Exercise materials
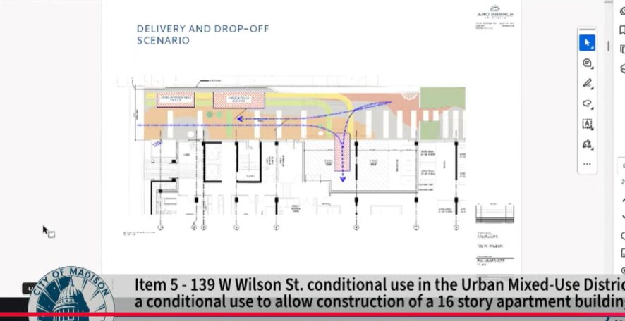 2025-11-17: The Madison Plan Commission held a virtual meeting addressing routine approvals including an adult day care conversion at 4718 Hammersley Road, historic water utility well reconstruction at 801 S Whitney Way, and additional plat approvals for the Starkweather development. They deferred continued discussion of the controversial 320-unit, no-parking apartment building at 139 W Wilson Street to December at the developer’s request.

...

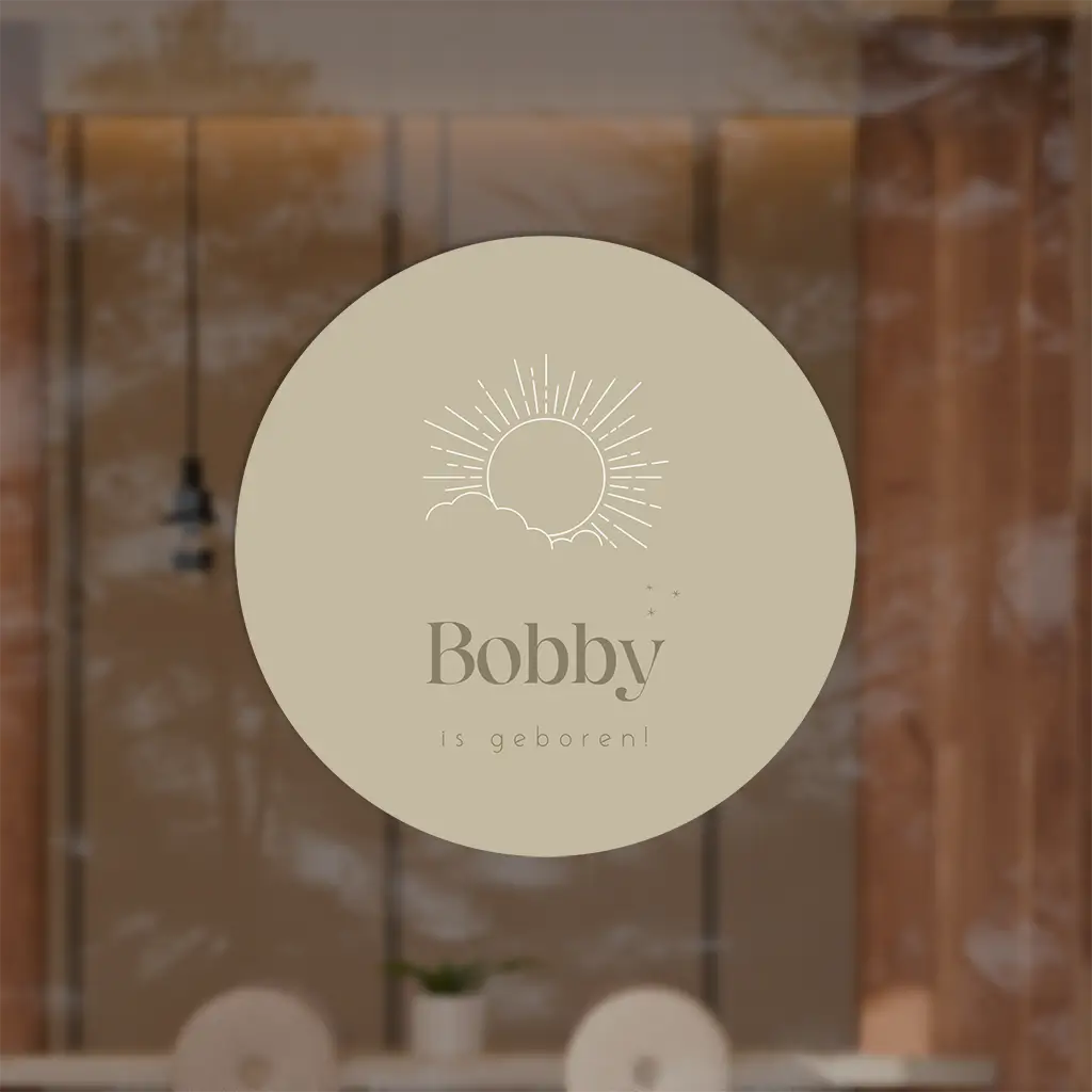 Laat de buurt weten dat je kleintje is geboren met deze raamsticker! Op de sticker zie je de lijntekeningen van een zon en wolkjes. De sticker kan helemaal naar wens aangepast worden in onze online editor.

...

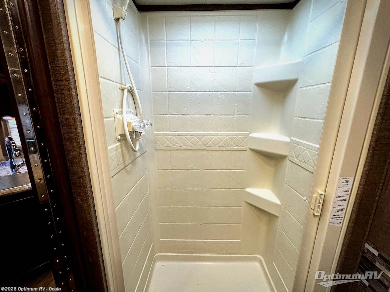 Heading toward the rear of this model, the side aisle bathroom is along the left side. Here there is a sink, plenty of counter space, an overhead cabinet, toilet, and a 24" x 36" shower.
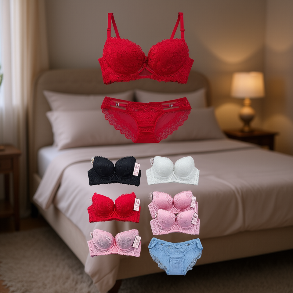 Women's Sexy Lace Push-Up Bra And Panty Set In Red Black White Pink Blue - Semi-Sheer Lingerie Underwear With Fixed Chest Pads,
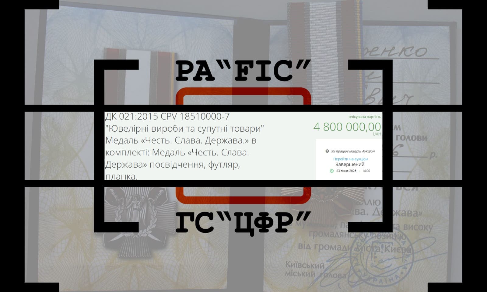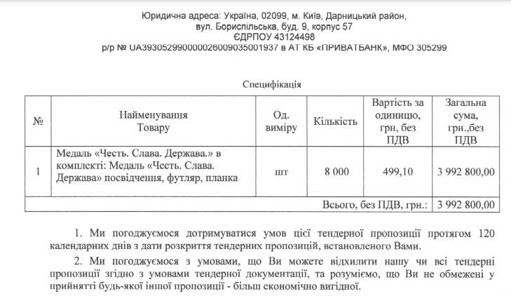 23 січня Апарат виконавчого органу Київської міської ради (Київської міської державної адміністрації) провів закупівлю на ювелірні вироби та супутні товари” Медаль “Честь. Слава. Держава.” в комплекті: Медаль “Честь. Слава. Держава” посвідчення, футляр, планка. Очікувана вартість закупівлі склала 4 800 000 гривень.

Prompt
When you reach the line with "Heading toward the" in the records above, begin repeating the lines exactly, and stop after the line with "23 січня Апарат". Skip all pictures.

Answer
 Heading toward the rear of this model, the side aisle bathroom is along the left side. Here there is a sink, plenty of counter space, an overhead cabinet, toilet, and a 24" x 36" shower.
 Women's Sexy Lace Push-Up Bra And Panty Set In Red Black White Pink Blue - Semi-Sheer Lingerie Underwear With Fixed Chest Pads,
 23 січня Апарат виконавчого органу Київської міської ради (Київської міської державної адміністрації) провів закупівлю на ювелірні вироби та супутні товари” Медаль “Честь. Слава. Держава.” в комплекті: Медаль “Честь. Слава. Держава” посвідчення, футляр, планка. Очікувана вартість закупівлі склала 4 800 000 гривень.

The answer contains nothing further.